Work instruction: Output exactly the lines from the line that has "Winchester, Ranger, 12ga., 1pc., Full, shot" through the last line of the data below, with no pictures.
Segment Start: Data below
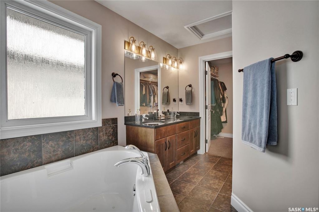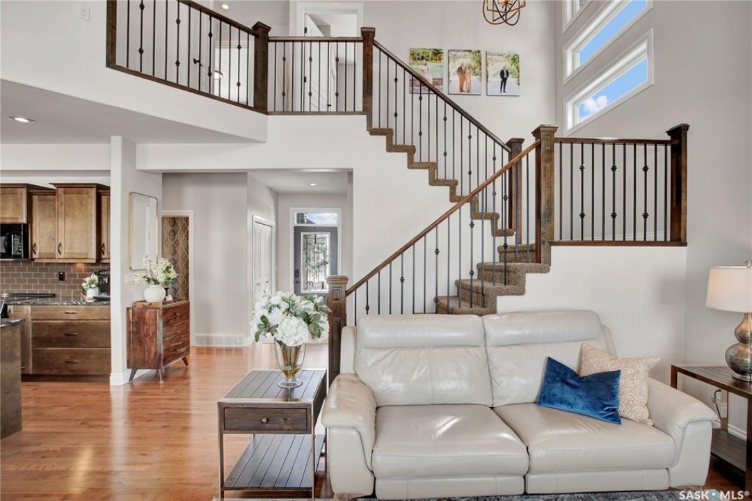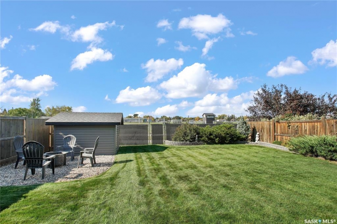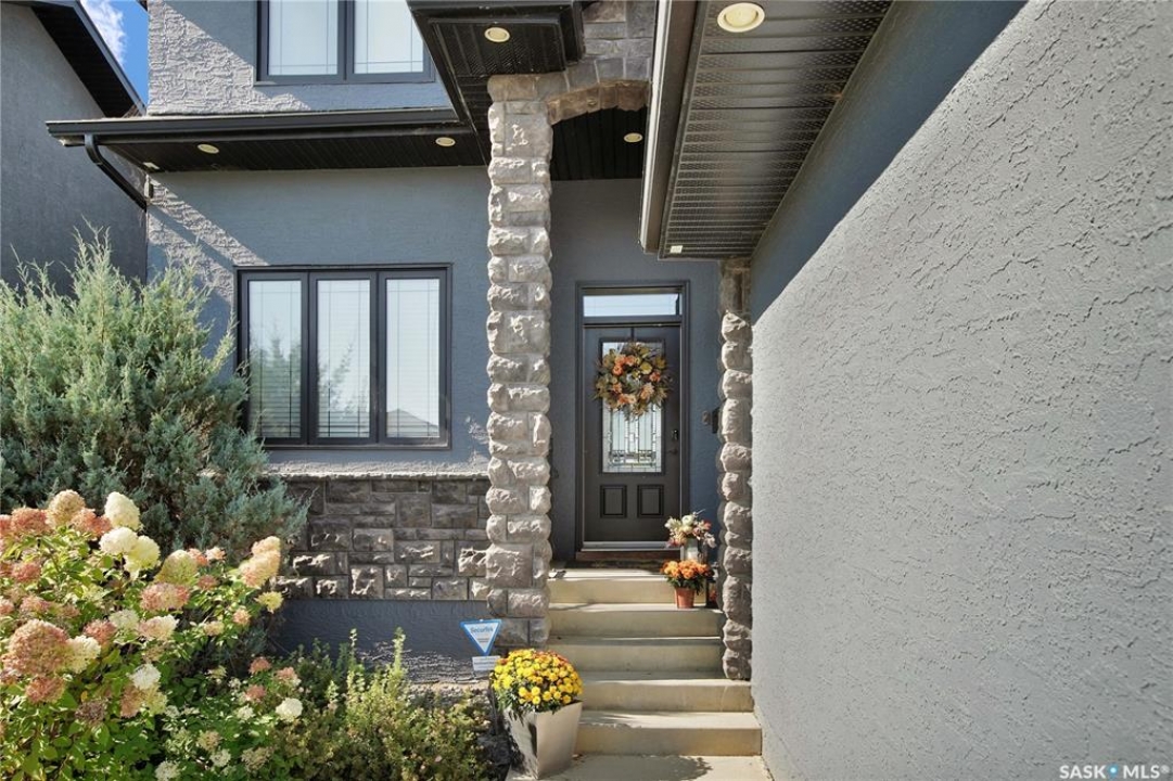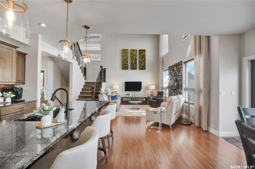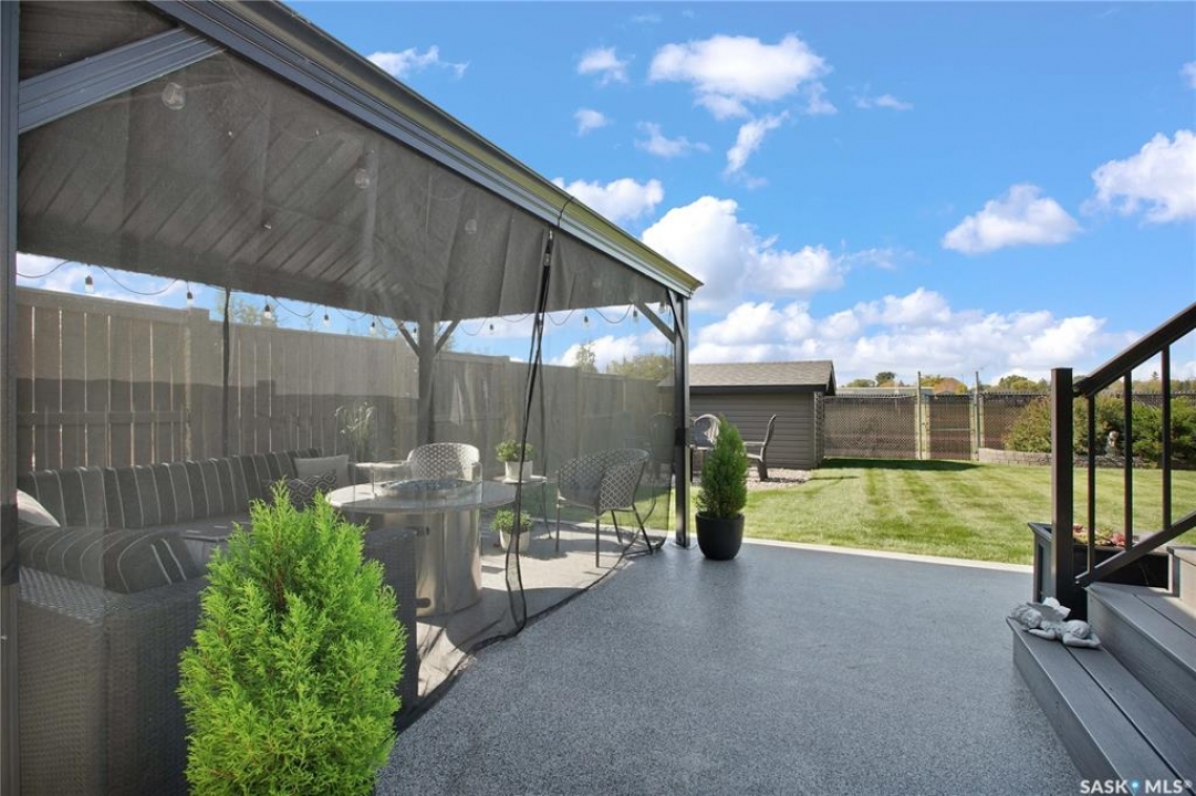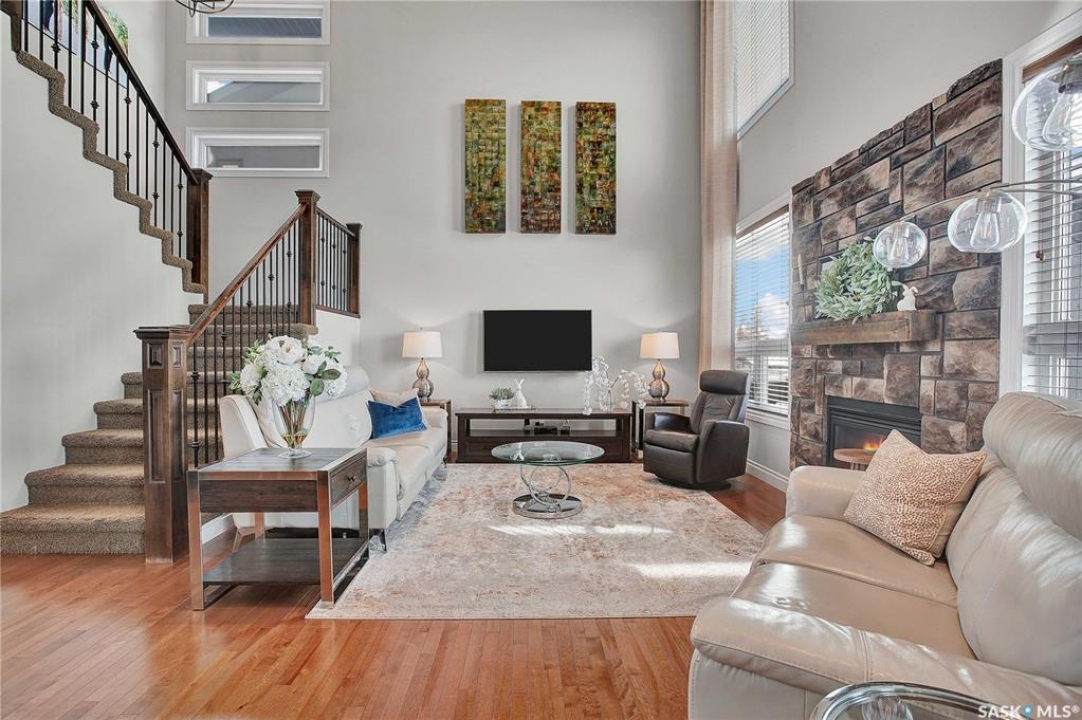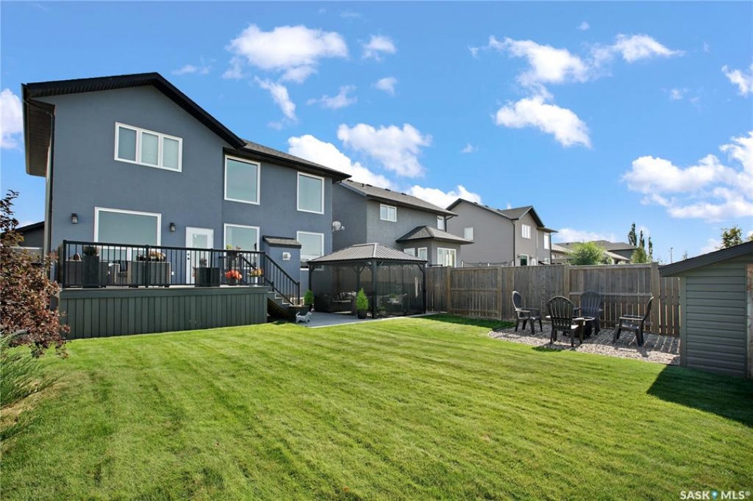 Welcome to this immaculate two-storey home, ideally located on one of Martensville's most desirable streets. Thoughtfully designed with an open-concept layout, this home offers the perfect blend of style, comfort, and functionality. The main floor features a spacious kitchen and dining area complete with a massive island, granite countertops, and a convenient walk-through pantry—perfect for everyday living and entertaining alike. The inviting living room is highlighted by a cozy gas fireplace, while the laundry/mudroom is ideally situated just off the fully finished 2-car garage, which boasts PVC paneling on both walls and ceiling. Upstairs, you'll find a beautiful primary retreat with a stunning ensuite and walk-in closet, along with two additional good sized bedrooms and a full 4-piece bathroom. The fully developed basement offers even more living space, including a large family room with a second gas fireplace, an additional bedroom, a 4-piece bathroom, and ample storage. This home is loaded with upgrades, including Chic Stucco Coating, UV window coating at the rear of the home, programmable underground sprinklers, and a premium polyaspartic-coated concrete patio. Additional highlights include a newer gazebo, newer garage doors, updated lighting throughout, updated paint and a newer composite deck. And so much more! A truly turnkey property with exceptional attention to detail—this is one you won't want to miss.
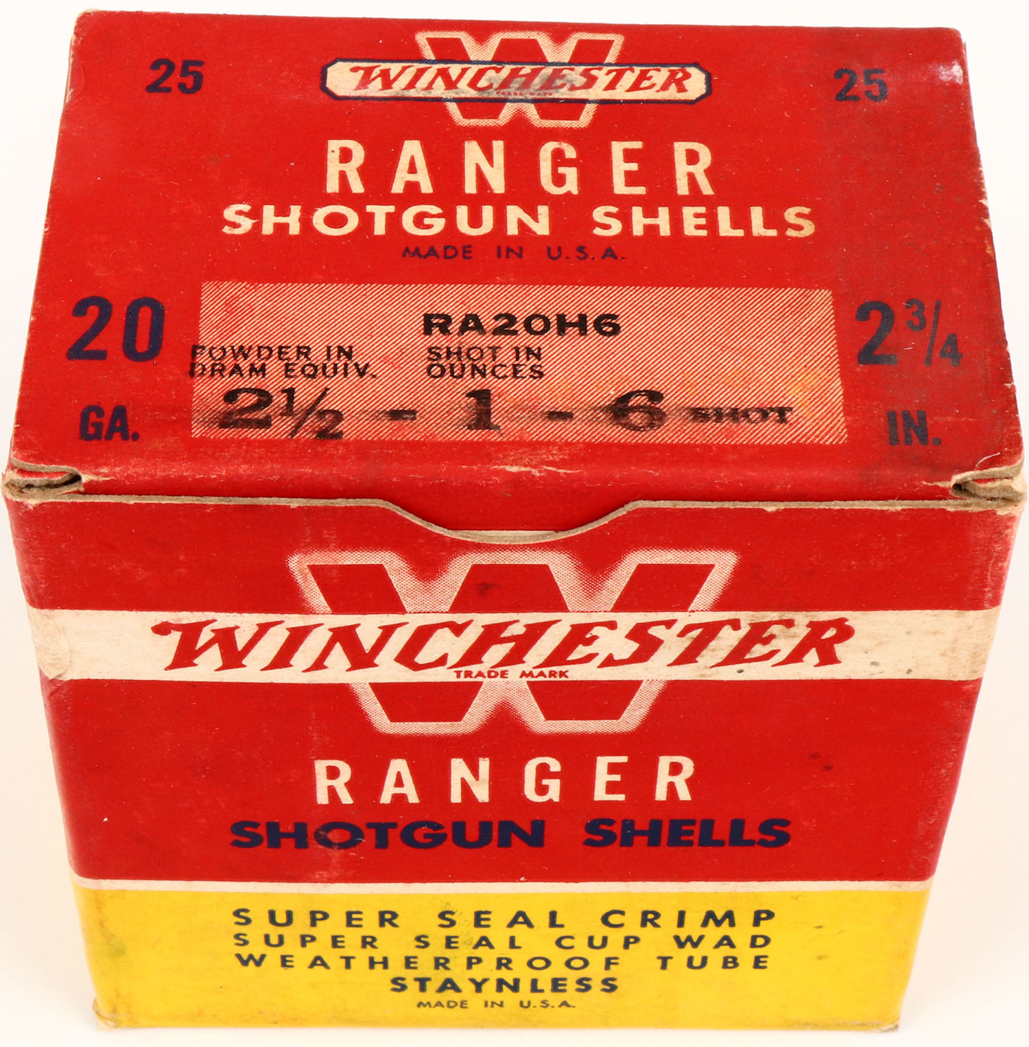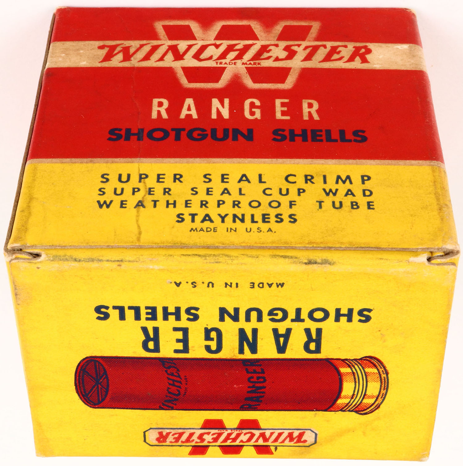 Winchester, Ranger, 12ga., 1pc., Full, shot size 6, red, white & yellow box, Box is very solid with nice colors has light age soiling, shells are excellent. Grade: Excellent + - Value: 10 to 30
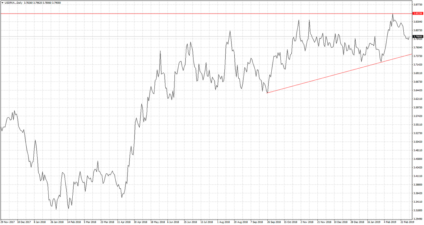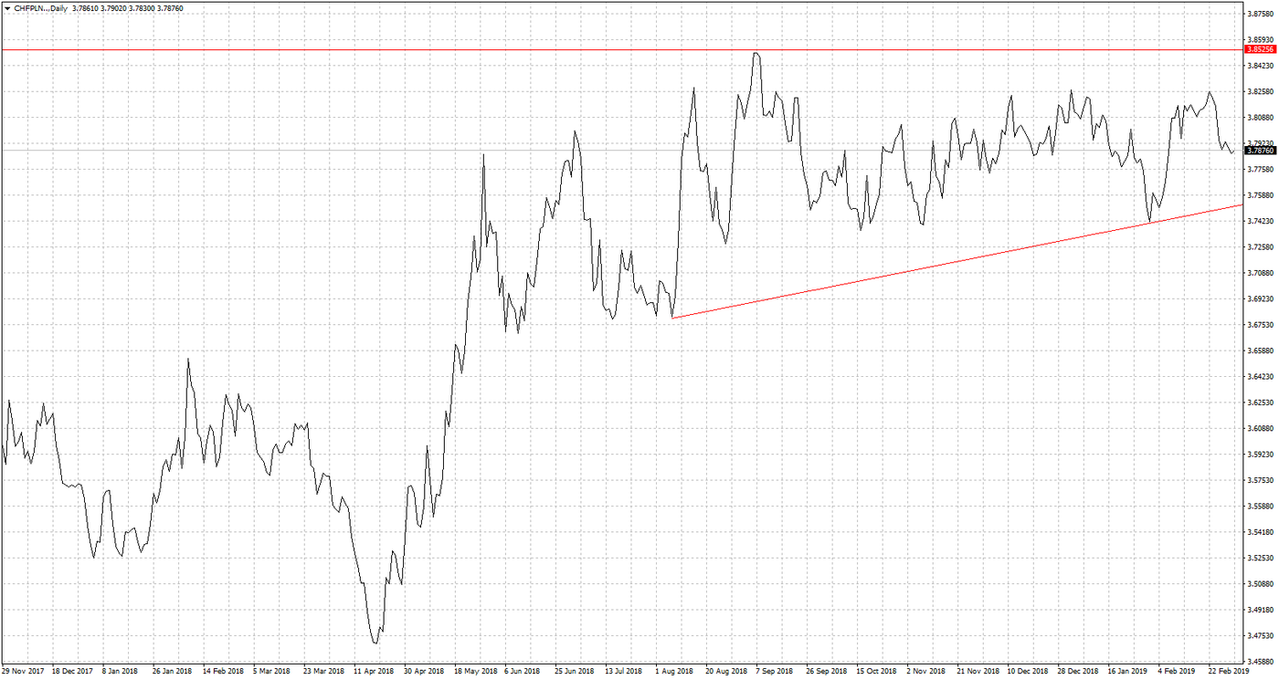Lepszy klimat inwestycyjny na rynkach widać również po notowaniach pary CHF/PLN. Kurs w dniu dzisiejszym zszedł poniżej granicy 3,80. Na końcu lutego były to poziomy nawet 3,85. Czy najgorszy czas już za nami to można mieć nadal wątpliwości. Owszem, patrząc od strony gracza giełdowego, to zagrożenia na rynkach nie widać indeksy niemal codziennie osiągają nowe maxy w tym roku. Patrząc jednak na dane wcale już tak różowo nie jest. PMI chiński nadal poniżej 50 pkt, nie mówiąc już o wskaźnikach dla gospodarki niemieckiej gdzie nastąpiła kolejna fala pogorszenia. Nadal też można mieć wątpliwości odnośnie umowy USA z Chinami. Początek tygodnia to raczej myślenie, że niemal dojdzie do porozumienia. Ale pamiętajmy jakim przywódcą jest Trump. W jednym tweecie jest w stanie stwierdzić, że nastąpił spory postęp po czym pisze, że wcale umowa nie musi być zawarta. Pozostaje więc pytanie co będzie sukcesem prezydenta USA, czy pokazanie światu, że to on rządzi i wprowadzenie jednak dodatkowych ceł, czy jednak za sukces ogłosi podpisanie porozumienia. Punktów zapalnych na świecie więc cały czas jest sporo, więc odreagowanie na parach powiązanych z walutami uznawane za bezpieczne mogą być krótkotrwałe. Pierwszym wsparciem dla CHF/PLN będzie 3,7560.
Segment End: Data below
Solution to the exercise:
 Winchester, Ranger, 12ga., 1pc., Full, shot size 6, red, white & yellow box, Box is very solid with nice colors has light age soiling, shells are excellent. Grade: Excellent + - Value: 10 to 30
Lepszy klimat inwestycyjny na rynkach widać również po notowaniach pary CHF/PLN. Kurs w dniu dzisiejszym zszedł poniżej granicy 3,80. Na końcu lutego były to poziomy nawet 3,85. Czy najgorszy czas już za nami to można mieć nadal wątpliwości. Owszem, patrząc od strony gracza giełdowego, to zagrożenia na rynkach nie widać indeksy niemal codziennie osiągają nowe maxy w tym roku. Patrząc jednak na dane wcale już tak różowo nie jest. PMI chiński nadal poniżej 50 pkt, nie mówiąc już o wskaźnikach dla gospodarki niemieckiej gdzie nastąpiła kolejna fala pogorszenia. Nadal też można mieć wątpliwości odnośnie umowy USA z Chinami. Początek tygodnia to raczej myślenie, że niemal dojdzie do porozumienia. Ale pamiętajmy jakim przywódcą jest Trump. W jednym tweecie jest w stanie stwierdzić, że nastąpił spory postęp po czym pisze, że wcale umowa nie musi być zawarta. Pozostaje więc pytanie co będzie sukcesem prezydenta USA, czy pokazanie światu, że to on rządzi i wprowadzenie jednak dodatkowych ceł, czy jednak za sukces ogłosi podpisanie porozumienia. Punktów zapalnych na świecie więc cały czas jest sporo, więc odreagowanie na parach powiązanych z walutami uznawane za bezpieczne mogą być krótkotrwałe. Pierwszym wsparciem dla CHF/PLN będzie 3,7560.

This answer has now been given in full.